- Born: October 1 New York, NY
- Career
- Current group: "Nikolai and the Others"
- Former groups: Complexions Contemporary Ballet; Ballet Hispanico
- Dances: Contemporary Ballet
- Website: www.nataliaalonso.com

= Natalia Alonso =

American ballet dancer

Natalia Alonso is an American professional dancer and actress, and is appearing as Maria Tallchief in the upcoming play Nikolai and the Others at Lincoln Center Theater.

== Career ==
A native New Yorker of Spanish descent, Alonso began her formal dance studies with Kaleria Fedicheva of the Kirov Ballet at the age of 9. She continued her studies with Irina Lebedeva, as well as at the Boston Ballet and at the Alvin Ailey American Dance Center. After suffering a knee injury, Natalia took a step back from dance and pursued an economics degree from Wesleyan University.

After graduation, Alonso joined Ballet Hispanico, directed by Tina Ramirez, based in New York City. With the company, Alonso performed both internationally and domestically, and in such notable theatres as the Kennedy Center, Jazz at Lincoln Center, the Joyce Theatre, and New York City Center.

In 2004, Ramirez offered Alonso a solo, Llamada, choreographed by the Kansas City Ballet's artistic director, William Whitener. When Whitener declined to allow Alonso to perform in the piece because he did not know her, she flew at her own expense to St. Louis, where his company was performing, to rehearse with him. He gave her his approval after just one afternoon: "She is a gifted artist who is completely invested in the process," he said. "And like all the great ones," he adds, "her feet are firmly planted on the ground."

In the piece Palladium Nights, Alonso was reviewed "as a flame on the dance floor; she also gives the most nuanced performance—wholeheartedly joyous when the music takes her, introspective when she dances alone onstage...." She remained a principal dancer of the company until 2008, "maturing into a highly versatile dancer distinguished by her long, clean, polished line; hip-swiveling bravado; and stunning stage magnetism."

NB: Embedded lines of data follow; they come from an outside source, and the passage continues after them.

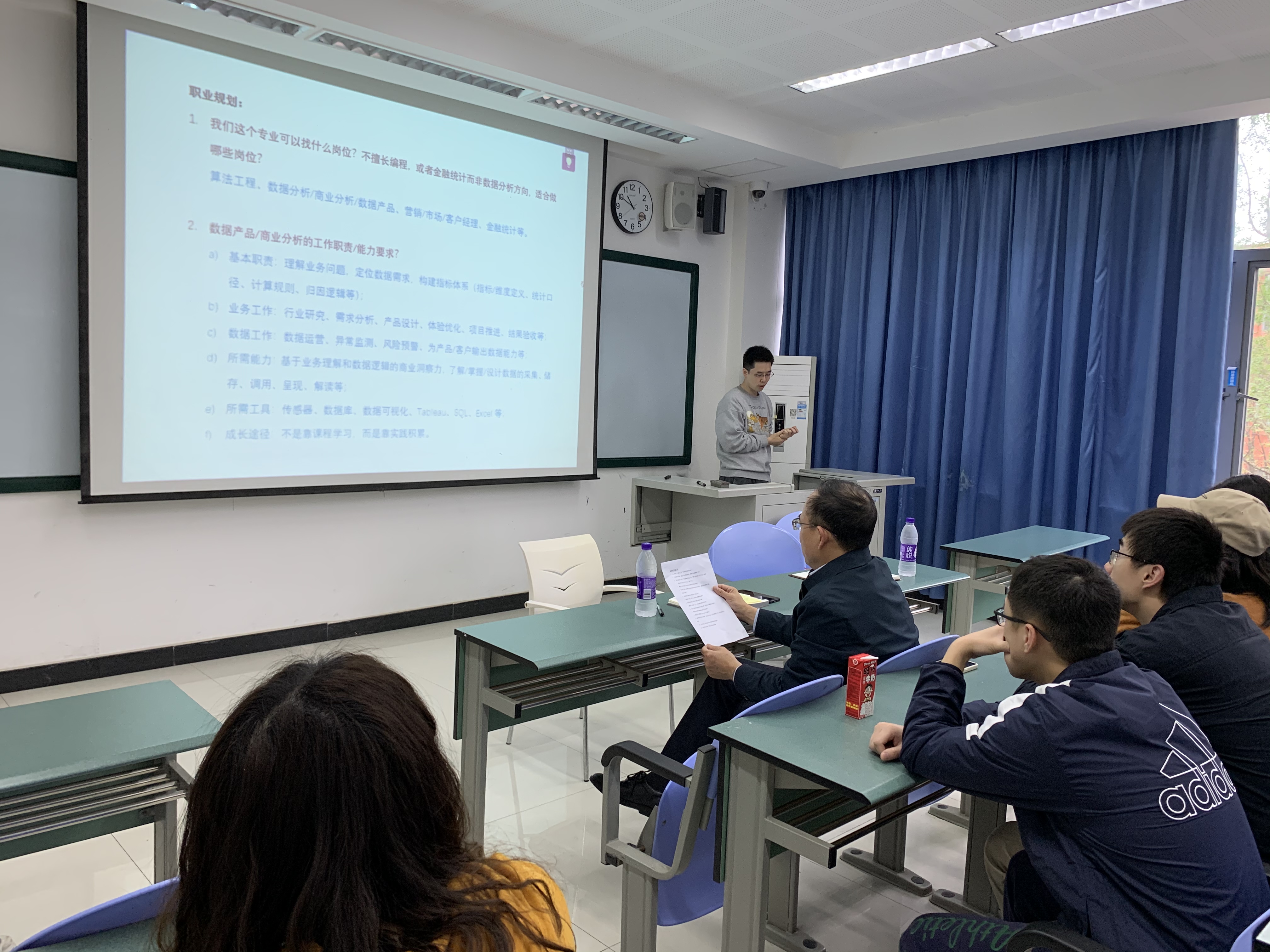 在提问环节,针对同学们提出的行业实习与专业学习的重点偏向、数据分析师专业技能掌握程度、如何通过参加学科竞赛丰富自己的个人简历、银行信息科技岗的工作职责、秋招面试的应对准备等问题,狂人小说
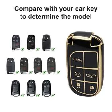 Show moreDiscover the perfect fusion of style and functionality with the SUNCARACCL Jeep Key Fob Cover. This exquisite key fob cover is tailored for proud vehicle owners who appreciate the blend of elegance and robust protection. Designed specifically for popular Jeep models, including the 2016-2018 Grand Cherokee, Wrangler, and Compass, this accessory enhances your car key experience while reflecting your personal style. The soft TPU material not only ensures durability but is complemented by a chic electroplating finish and stunning golden edges that add a touch of radiance to your everyday essentials.
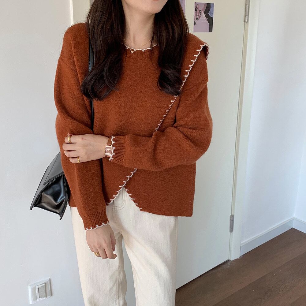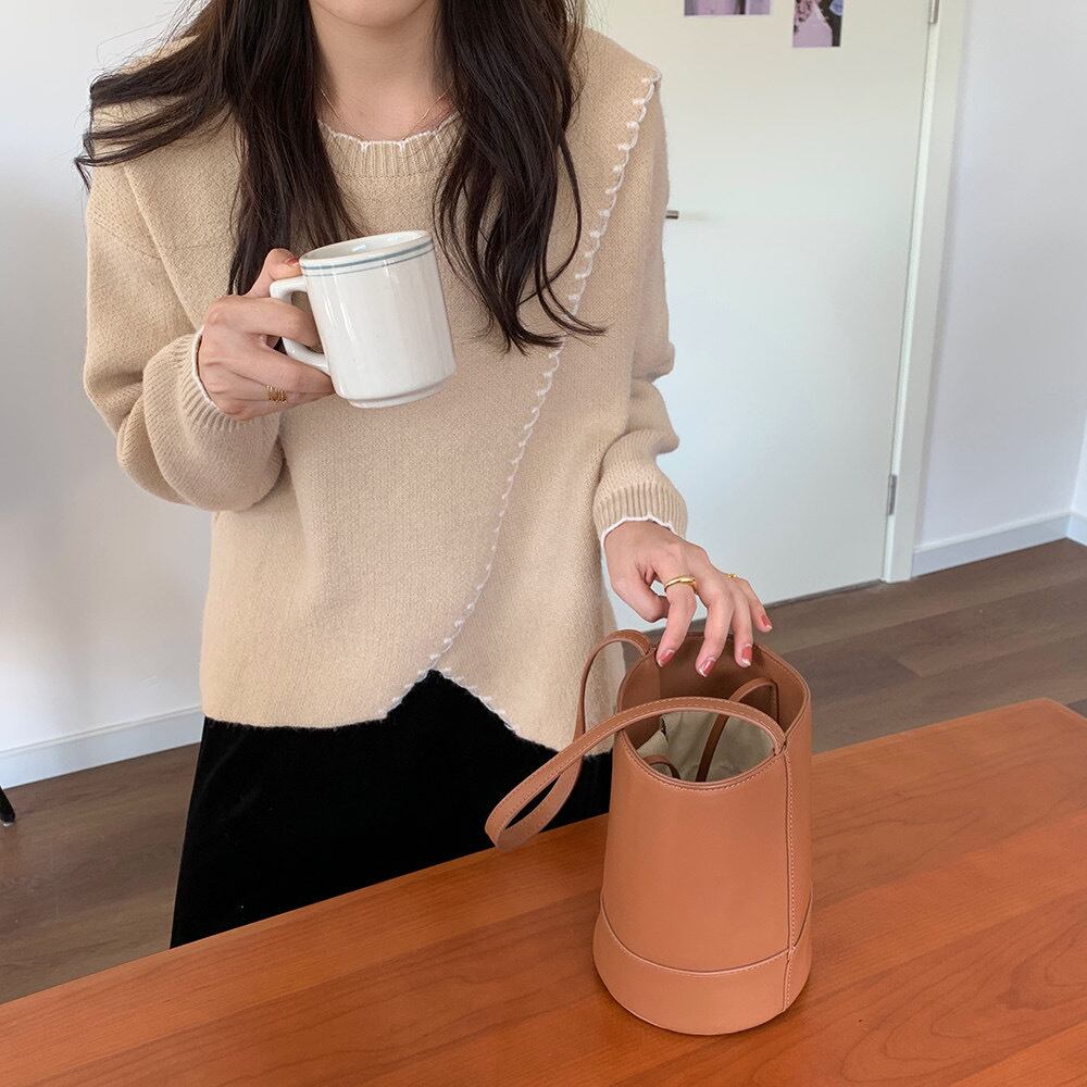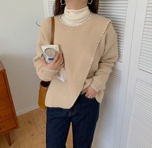 スカラップフリルニット フリーサイズ 着丈:65㎝ バスト:100㎝ 肩幅:43㎝ 袖丈:59㎝ 三色展開♡ フリルでパイピングされた デザインニット 細かめのフリルなので甘くなりすぎず 袖口までかわいい♡ タートルネックをレイヤードする 着回しもおすすめです。 ------------------------------------------------------

In 2008, Alonso joined Complexions Contemporary Ballet, directed by Dwight Rhoden and Desmond Richardson. Natalia appeared the cover of the August 2008 edition of Dance Magazine, in which she explained her decision to transition from Ballet Hispanico to Complexions. On what caught her eye about Complexions, Alonso said "I was attracted to the style of repertory and its fusion of ballet with other types of contemporary dance styles and themes." She said, while on tour with the company in Australia in 2009, "I am amazed by the calibre of each individual dancer and artist. The company has always been known for housing the world’s best dancers and the directors encourage excellence."

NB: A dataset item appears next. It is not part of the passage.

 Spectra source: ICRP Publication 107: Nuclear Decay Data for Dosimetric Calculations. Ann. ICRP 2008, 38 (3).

Because of her exposure to a number of different methods of dance, Alonso was able to quickly adapt to the physically demanding nature of Complexions' choreography. A review of Mirror Me, a creation of Juan Rodriguez, a guest choreographer, described Alonso's performance as such: "Alonso’s plies are particularly slow and decadent, as though she were a spoon slicing into warm pumpkin pie." However, Complexions has not always been reviewed favorably, at one time described "a man’s world. The women are instruments; the men play them."" The review goes on to describe the choreography as "far more monocultural than it claims to be. Its women are by no means only passive, but most of the partnering is grossly manipulative."

Alonso appeared on the Winter 2011 cover of Discount Dance Supply, one of the largest distributed dance supply catalogs in the United States. Alonso also appears in a digital short for the company. Discount Dance Supply conducted an interview with Alonso for the shoot, in which she describes how she became involved in dance, her favorite qualities, and the different styles each dancer brings to rehearsal.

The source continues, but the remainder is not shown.